[[ DATA SHOWN open ]]

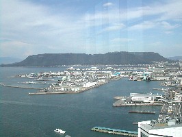 シンボルタワーの最上階からは360度の景色が楽しめる。 そこから東方面に屋島がある。ごらんのように屋島と言うだけあって見事なまでに屋根の形をしている。 ![]()
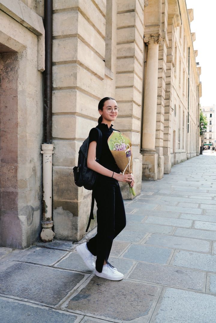3. オールブラックのコーデは足元を白いスニーカーで爽やかに
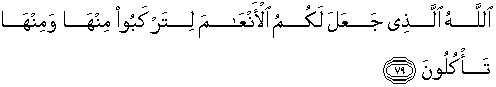 79. Allahlah yang menjadikan binatang ternak untuk kamu, sebagiannya untuk kamu kendarai dan sebagiannya untuk kamu makan.
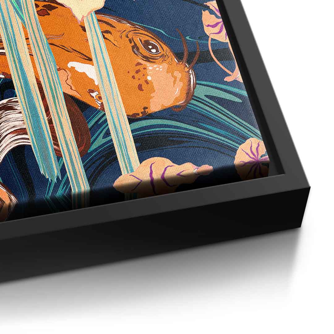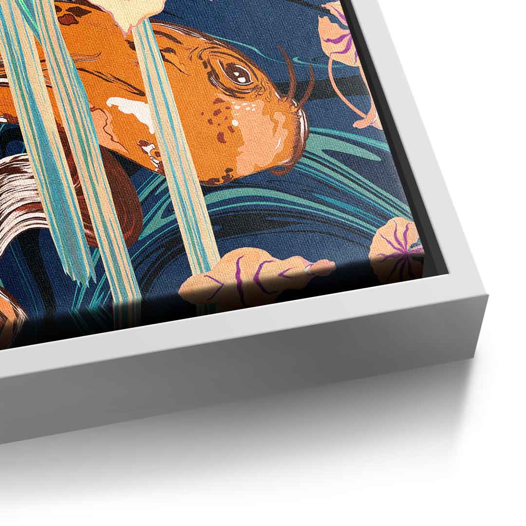 DOTCOMCANVAS® Premium Leinwandbild mit abstraktem Koi Fische und Blumen Motiv.
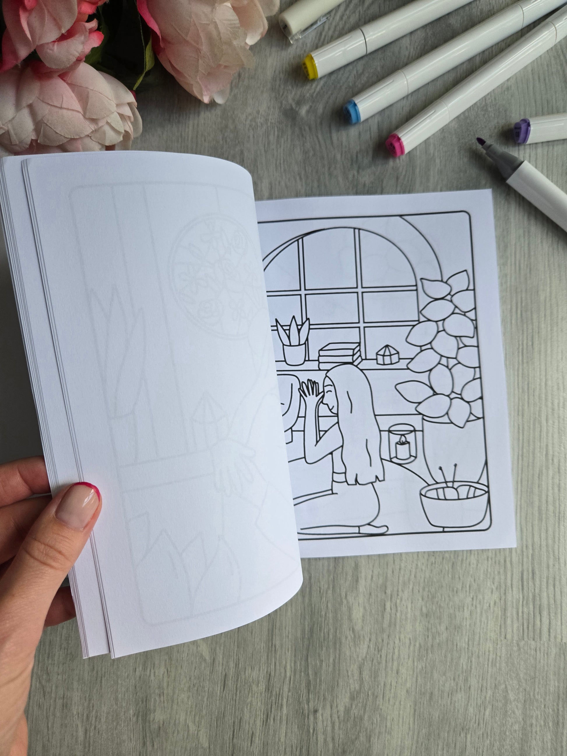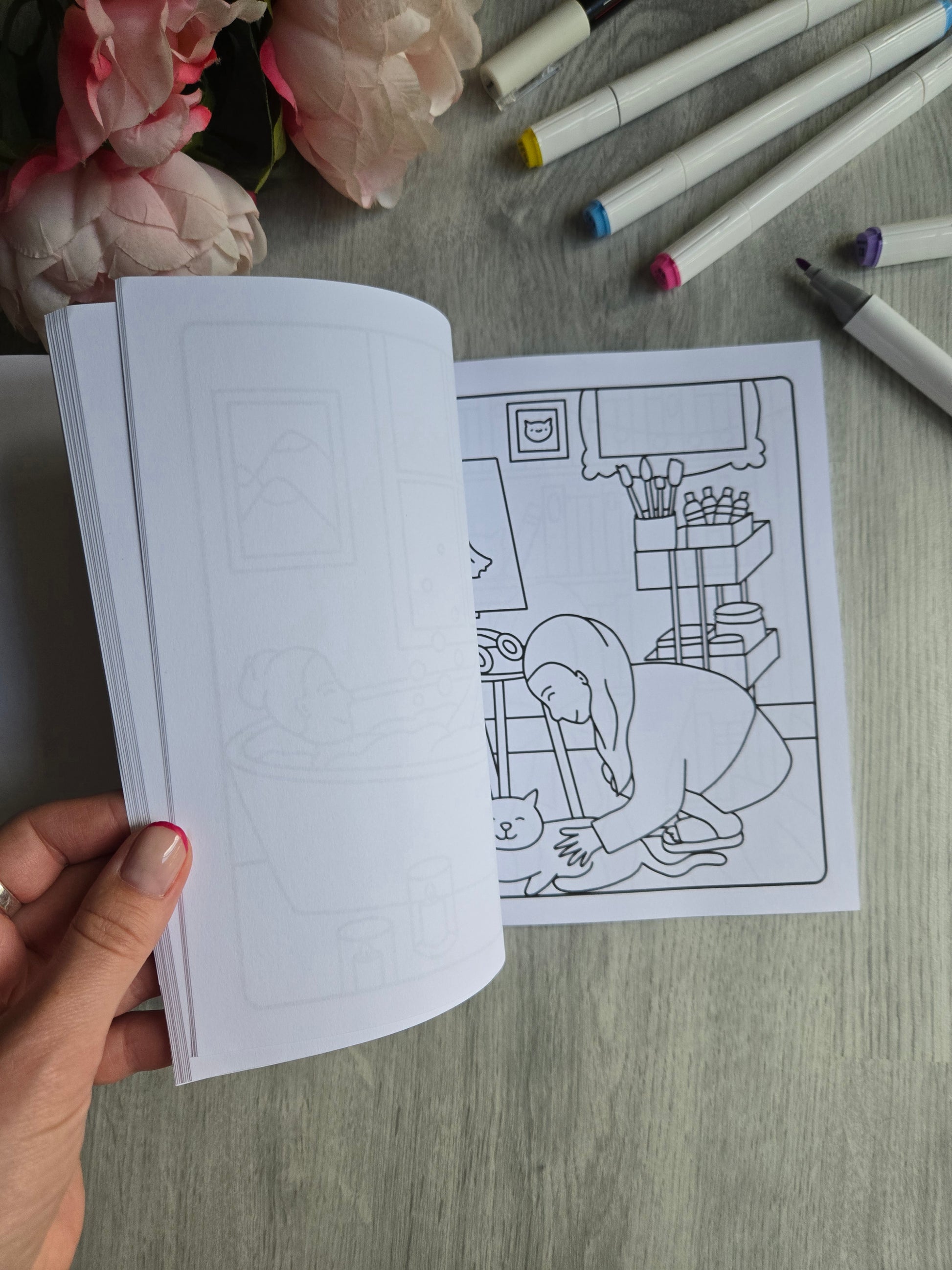 Forkæl dig selv med en smuk malebog fyldt med beroligende yoga og self-care illustrationer. Perfekt til dig, der har brug for et pusterum i hverdagen. Sænk tempoet, træk vejret dybt, og skab dine egne små kunstværker med dine yndlingsfarver.
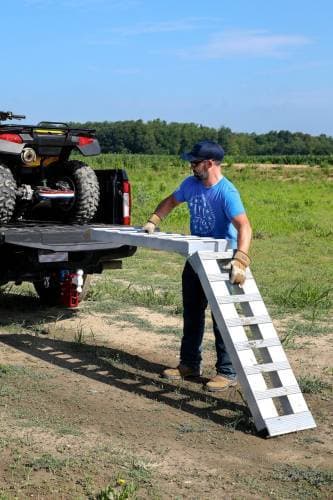 These foldable aluminum loading ramps are a multi-piece ramp system designed for loading vehicles or other wheeled equipment onto docks, trucks, or trailers. Their lightweight aluminum construction makes them lightweight and portable without sacrificing any toughness! Plus these fold from 8′ to 4′ and can be stored in a short bed truck!
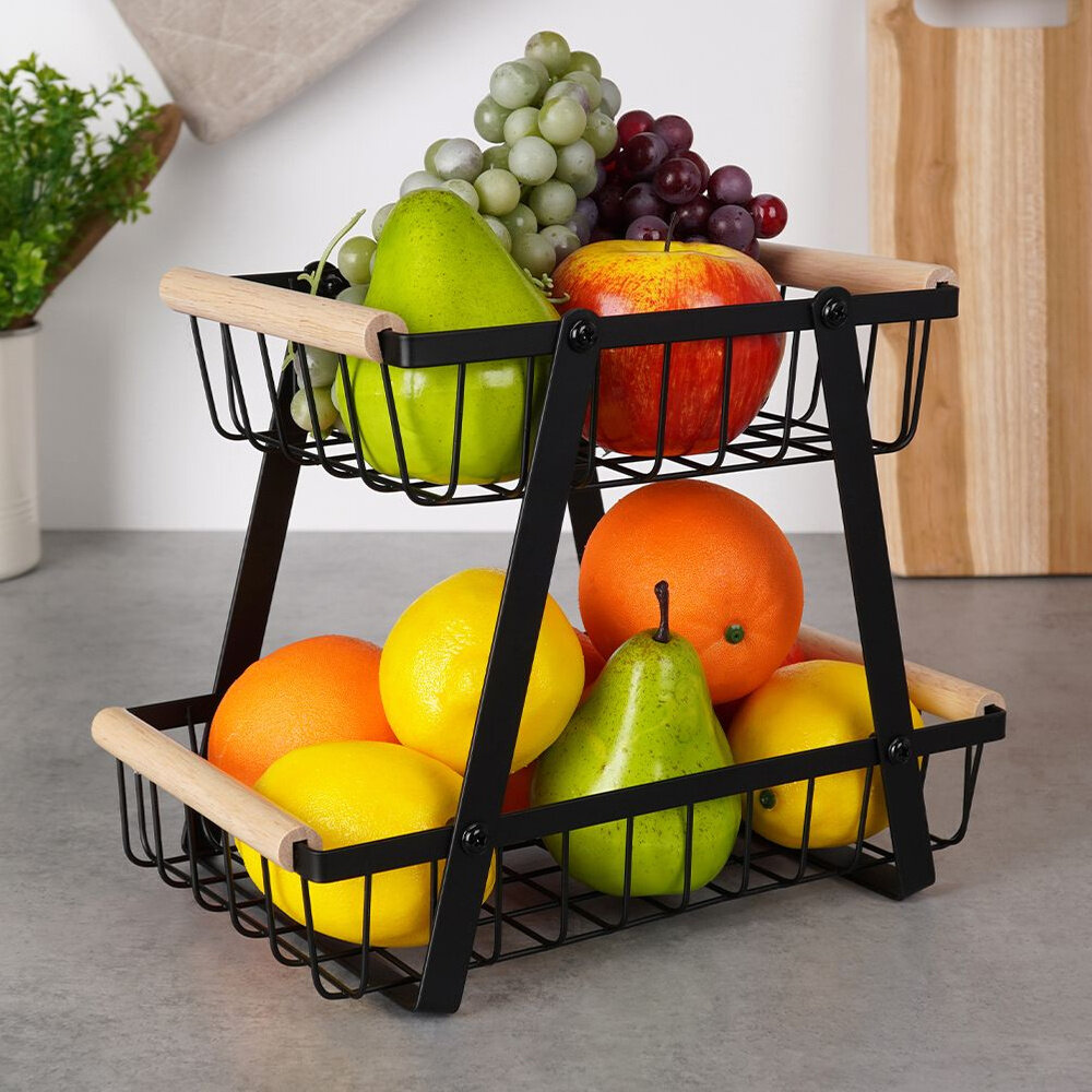 Praktyczny, dwupoziomowy koszyk na owoce i warzywa. Wykonany z wytrzymałych materiałów. Koszyk jest wielofunkcyjny i może być również wykorzystywany do przechowywania drobnych produktów codziennego użytku czy artykułów biurowych. Jest stabilny, praktyczny i poręczny, wyposażony w wygodne uchwyty, które ułatwią przenoszenie. Koszyk na owoce utrzymany w modnym połączeniu czarnego koloru z drewnem, więc efektownie prezentuje się w każdym wnętrzu. Idealny do każdej kuchni oraz jadalni. Oryginalny produkt marki Vilde. Wyprodukowano zgodnie z europejskimi standardami.
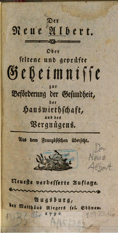 Der Neue Albert. Oder seltene und geprüfte Geheimnisse zur Beförderung der Gesundheit, der Hauswirthschaft, und des Vergnügens. Aus dem Französischen übersetzt. Neueste verbesserte Auflage. |
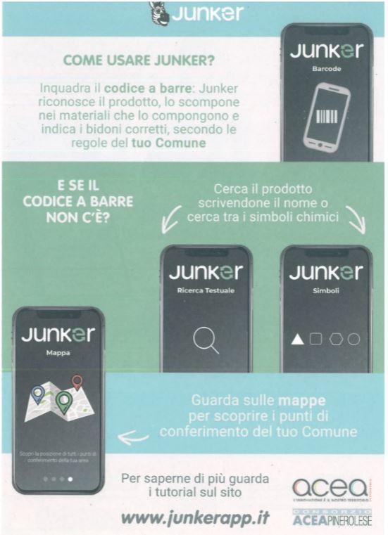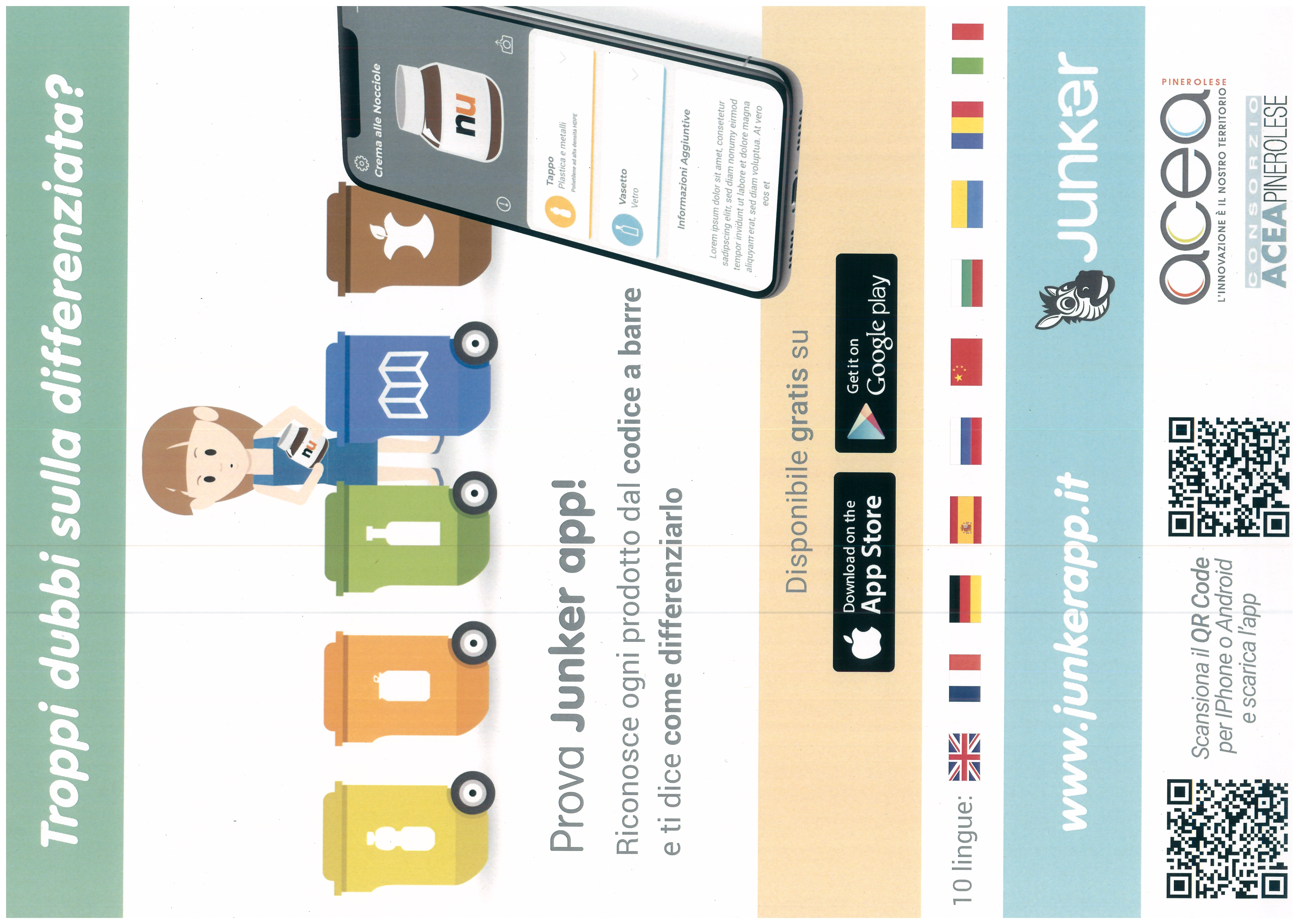 Si allega la locandina, visibile anche nelle principali bacheche del Comune e il Depliant informativo del funzionamento dell'App, scaricabile inquadrando il Qr Code dallo Store Apple o Play Store di Google, nonché dal sito www.junkerapp.it, dove è possibile reperire altre utili informazioni.
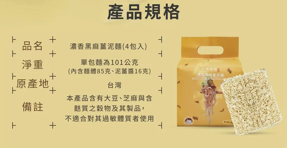 淨重:單包麵為101公克(內含麵體85克、泥薑醬16克),本包裝含4份
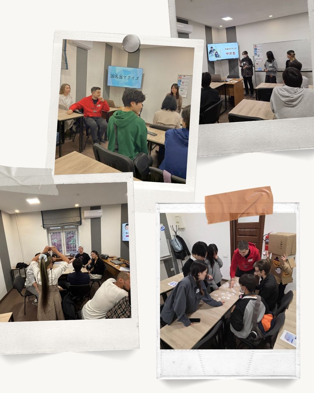 Клубдун өзгөчө пайдасын Япониядан келген биздин стажёр-студенттер берет: алар сабактарды жүргүзүшөт, сүйлөө адаттарын оңдоп жардам беришет, маданий нюанстарды түшүндүрүшөт жана табигый тил чөйрөсүн түзүшөт.

[[ DATA SHOWN closed ]]

Leaving each picture behind, please give again exactly the lines above from the one with "Si allega la" through the one with "淨重:單包麵為101公克(內含麵體85克、泥薑醬16克),本包裝含4份", both included, and no others.

 Si allega la locandina, visibile anche nelle principali bacheche del Comune e il Depliant informativo del funzionamento dell'App, scaricabile inquadrando il Qr Code dallo Store Apple o Play Store di Google, nonché dal sito www.junkerapp.it, dove è possibile reperire altre utili informazioni.
 淨重:單包麵為101公克(內含麵體85克、泥薑醬16克),本包裝含4份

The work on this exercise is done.